Turning more specifically to the Grounds themselves briefly.
Ground 1 – I do not consider there is any real prospect of success here – ultimately this is a straightforward issue of construction. The submissions today are essentially a re-run of the arguments on the application. They were elegantly put but I am afraid Mr Grant must persuade the Court of Appeal on an application.
Ground 2 - this ignores the fact that this was a summary disposal application brought on a narrow basis; the reasons why the Court was ultimately not prepared (or able) to deal with an alternative basis on a summary application were rooted essentially in issues of procedural fairness, practicality, and case management; bearing in mind the requirement of the overriding objective of dealing with issues justly and fairly. There is no real prospect of the Court of Appeal saying that the Court’s approach was not open to the Court. The rule of law relied upon was expressly considered in the Judgment and is not in dispute, so far as it goes.
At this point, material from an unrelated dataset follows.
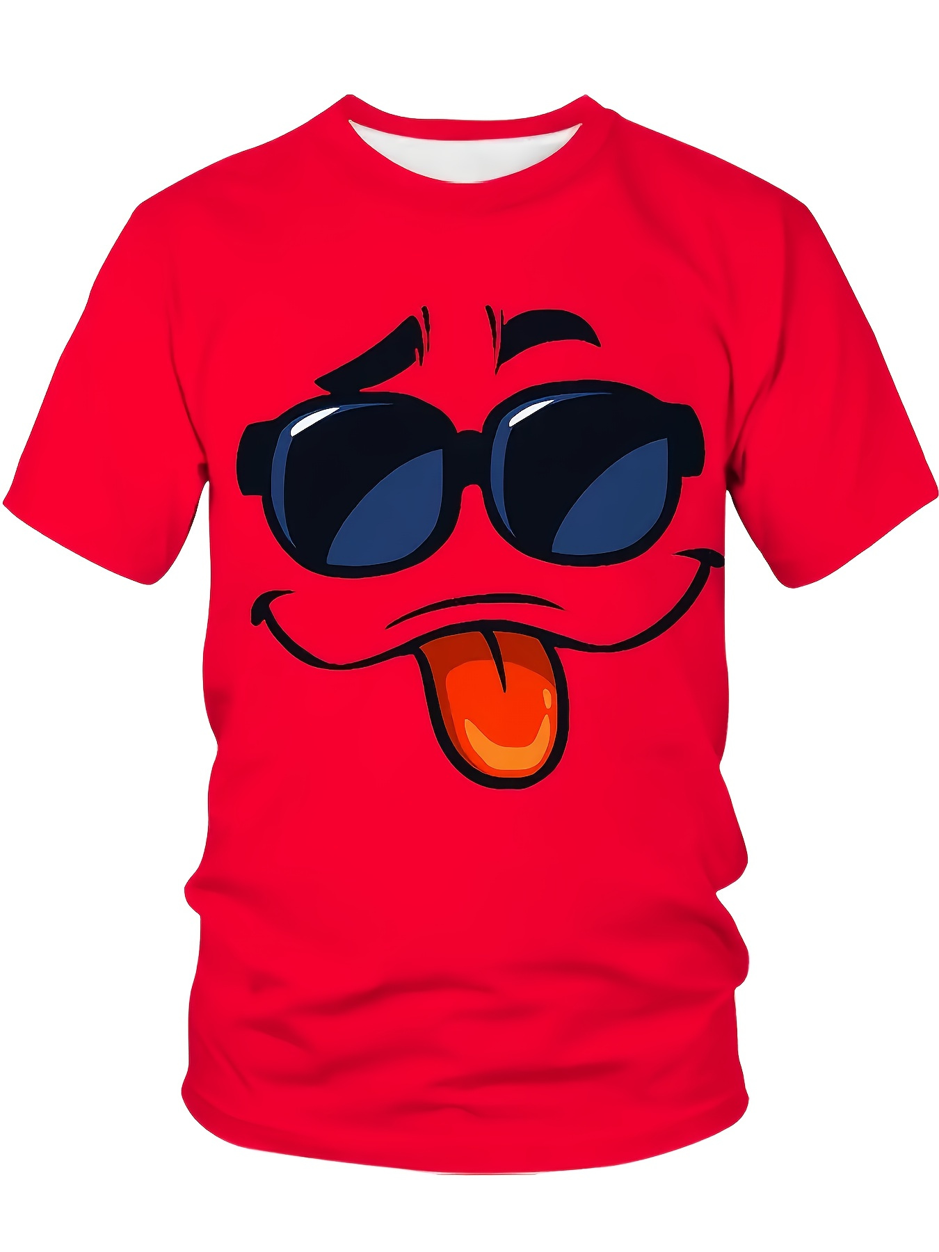 Men'S Big & Tall T-Shirt - Red Casual Everyday Shirt with Funny Face Graphic, Soft Polyester Blend Fabric - Machine Washable Plus Size Tee for Everyday & Party Wear - Non-Linen Texture Casual Top, Spring Autumn Apparel, Playful Graphic Shirt, Comfortable Fit Shirt, PLUS SIZE

Ground 3 – this too concerns the case on the facts as to when more had to be paid. There is no real prospect of the Court of Appeal saying that the Court should have determined that case in the circumstances described in the Judgment, including that the evidence was incomplete, and proper argument had not been heard and the time estimate was inadequate or became inadequate to deal with it properly. I note the salutary contents of the Practice Note at [2022] Bus LR 520 the substance of which, although expressly directed at the Commercial Court, would apply as much to the TCC, and any other business/commercial court, particularly where listing arrangements for both the TCC and Commercial Court are handled by the same Listing Office. I do want to add about the time estimate that although I was critical of it, I do appreciate that it is not always easy to get estimates right particularly when matters change.
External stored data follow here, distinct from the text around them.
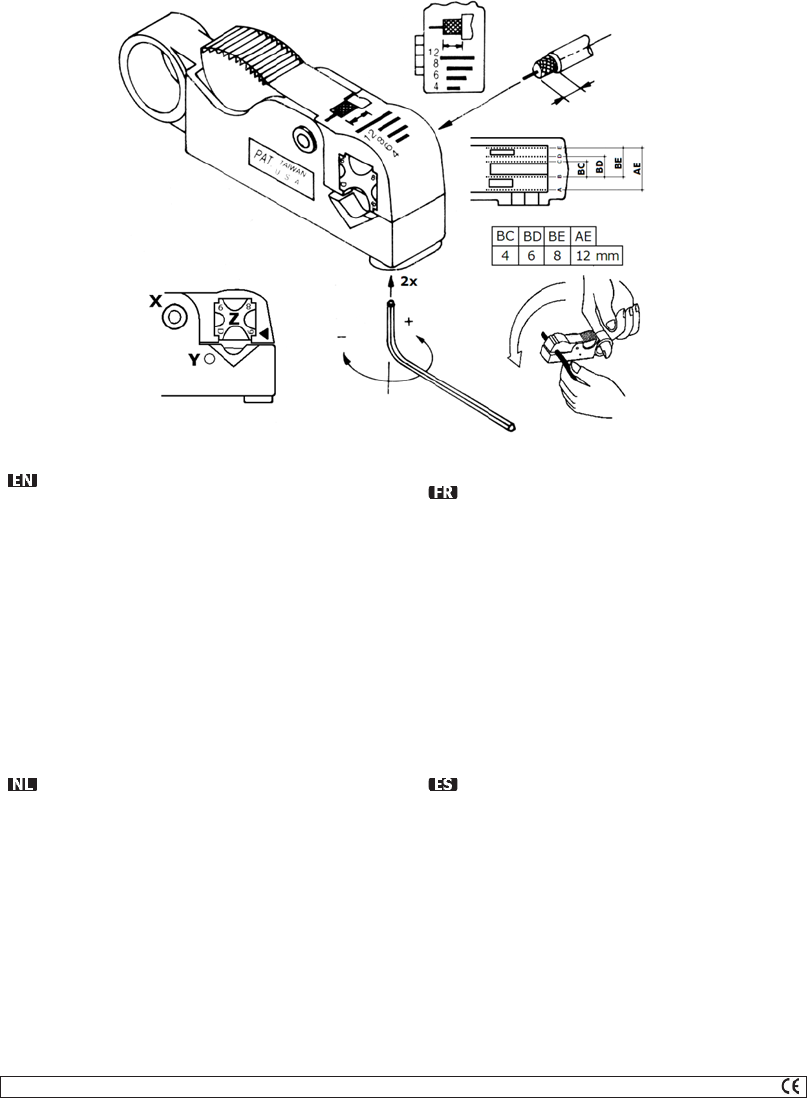x Plaats het oranje blokje Z naargelang het te strippen kabeltype.
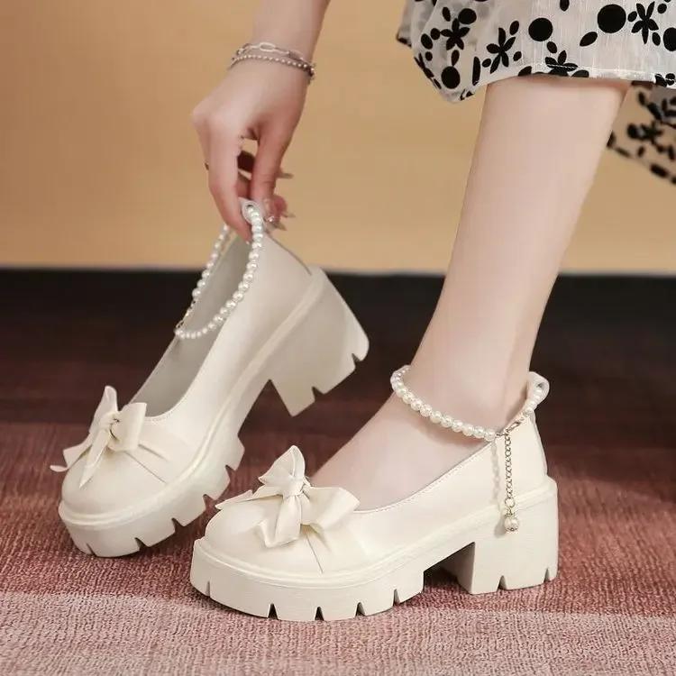 2024 Autumn New Mary Jane Small Leather Shoes for Women British Style Thick Soled Round Head Bow Women's Shoes
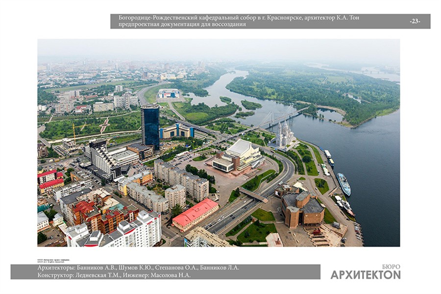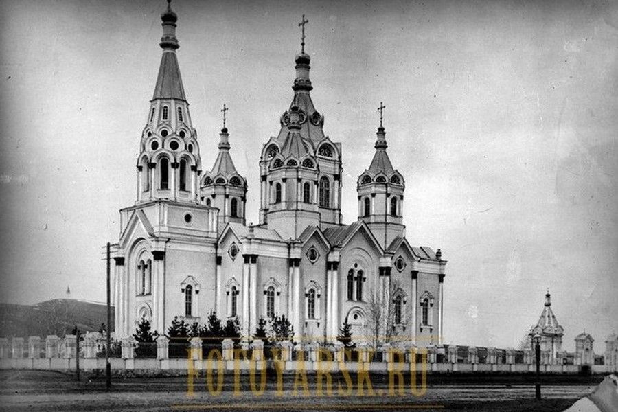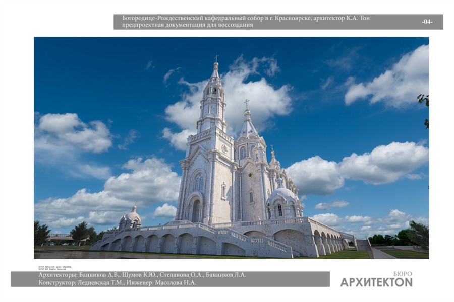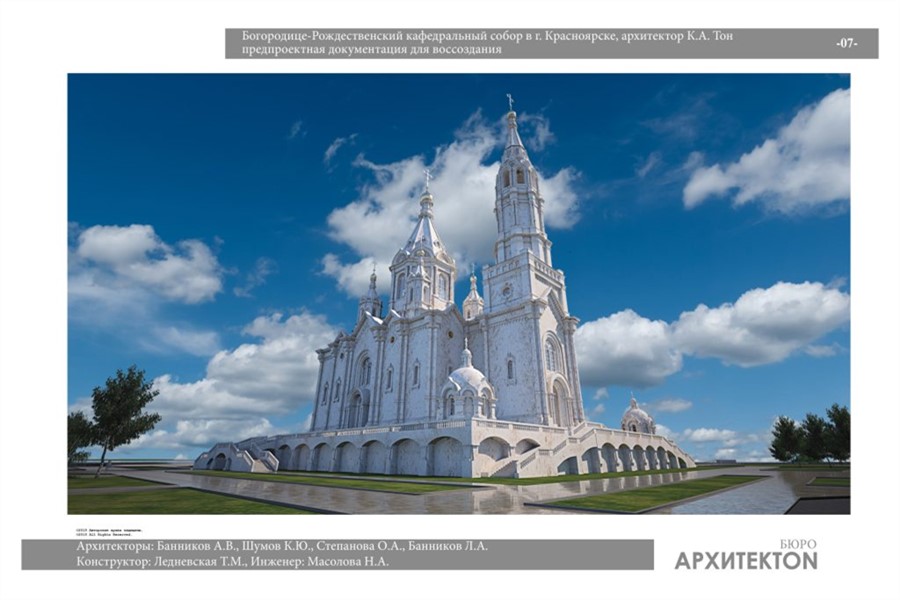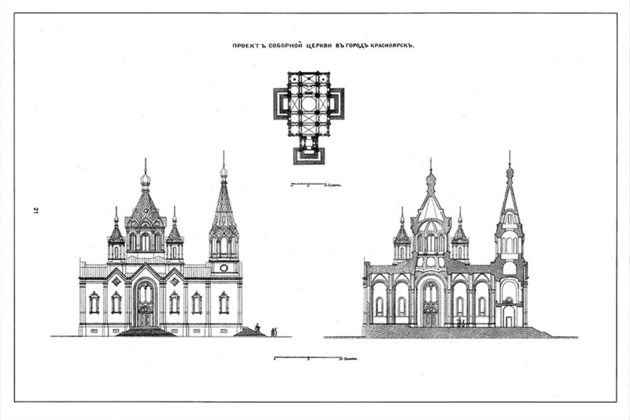 Мелочная торговля, взорванный храм и наследие революцииТомская духовная консистория, рассмотрев ходатайство купца, ссылаясь на Указ Святейшего Синода выдвинула требование — храм строить по проекту архитектора Константина Андреевича Тона, причем проект должен был получить Высочайшее утверждение. Архитектор предложил «русско-византийский стиль», начало которому положила Благовещенская церковь Конногвардейского полка в Санкт-Петербурге (ныне утрачена). Собор в Красноярске эксперты называют оригинальным сооружением, а не типовым, как проекты для некоторых других провинциальных городов.

Ground 4. There was no application for an adjournment. And the Defendant did not contend that the Court could not determine the Insolvency Point on its own, or without determining the factual dispute as to when more had to be paid [see paras 39 and 40 of the Judgment]. Indeed, that was the basis of its Application originally – that there was a discrete point which could be determined as such. The decision to proceed and not take an adjournment point of its own motion is not something that there is a realistic prospect of the Court of Appeal interfering with, being essentially a question of how the hearing should be managed and how the issues should be properly dealt with. As Mr Casey says, I have not resolved these issues but merely deferred them until trial. I say until trial, but of course if matters change, there is further evidence etc., there may be a shorter cut than trial. I said as much in Judgment/33.
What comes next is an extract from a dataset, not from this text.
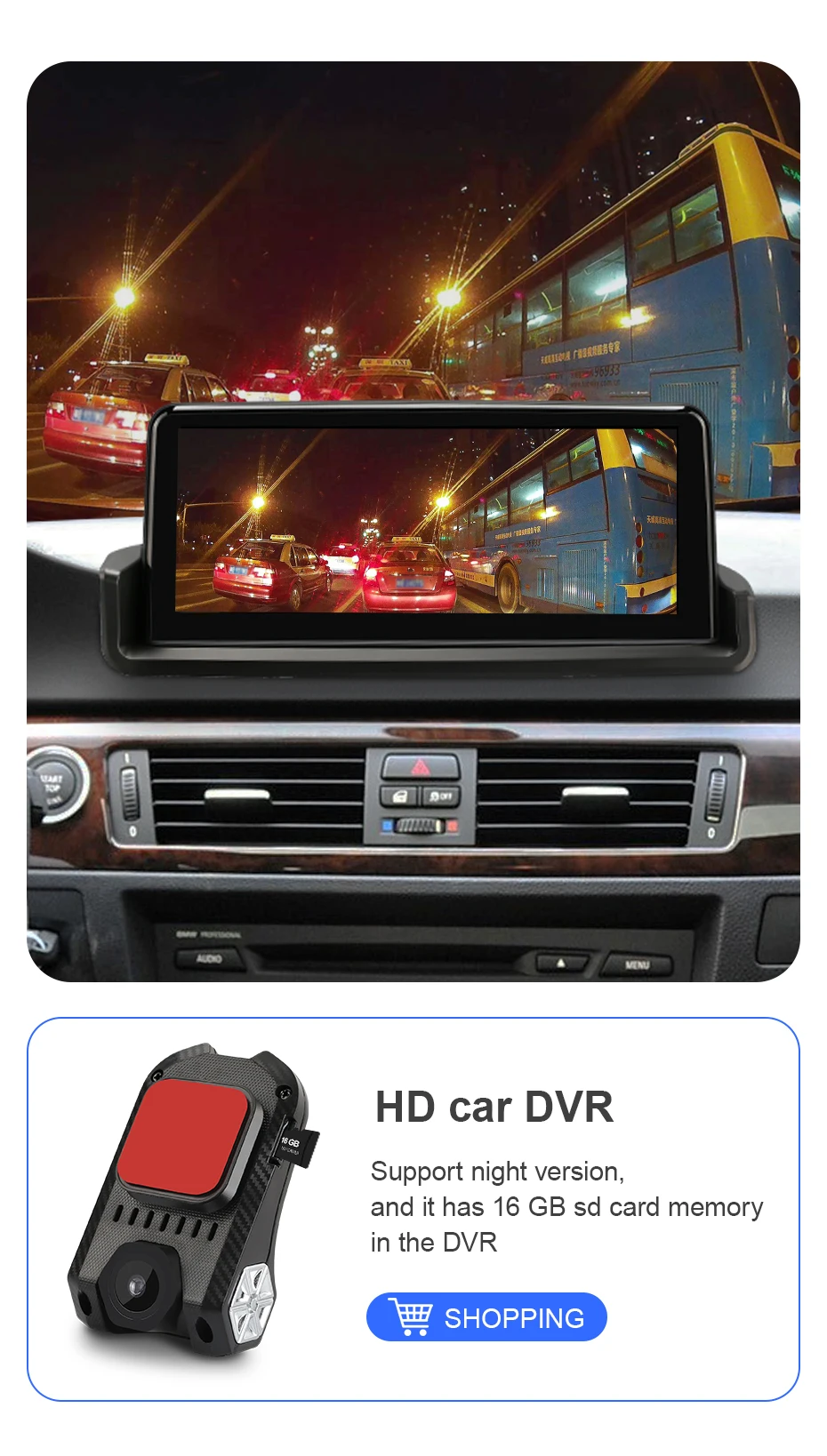 >>> У нас есть видеорегистратор для поддержки экрана головного устройства, может записывать состояние вождения.Видеорегистратор также имеет SD-карту 16 ГБ, поддерживает ночную версию, если вам нужен видеорегистратор, пожалуйста, нажмите на изображение и оплатите его.

Ground 5: briefly, I do not consider there is a real prospect of success on the point of construction. There is also no real prospect of challenging the Court’s decision that it was unable or not prepared on the materials (and in the circumstances of their presentation) to determine summarily the factual question whether that particular claim was time barred as a matter of fact.
I reserve the right to tidy up these ex tempore reasons if a transcript becomes available.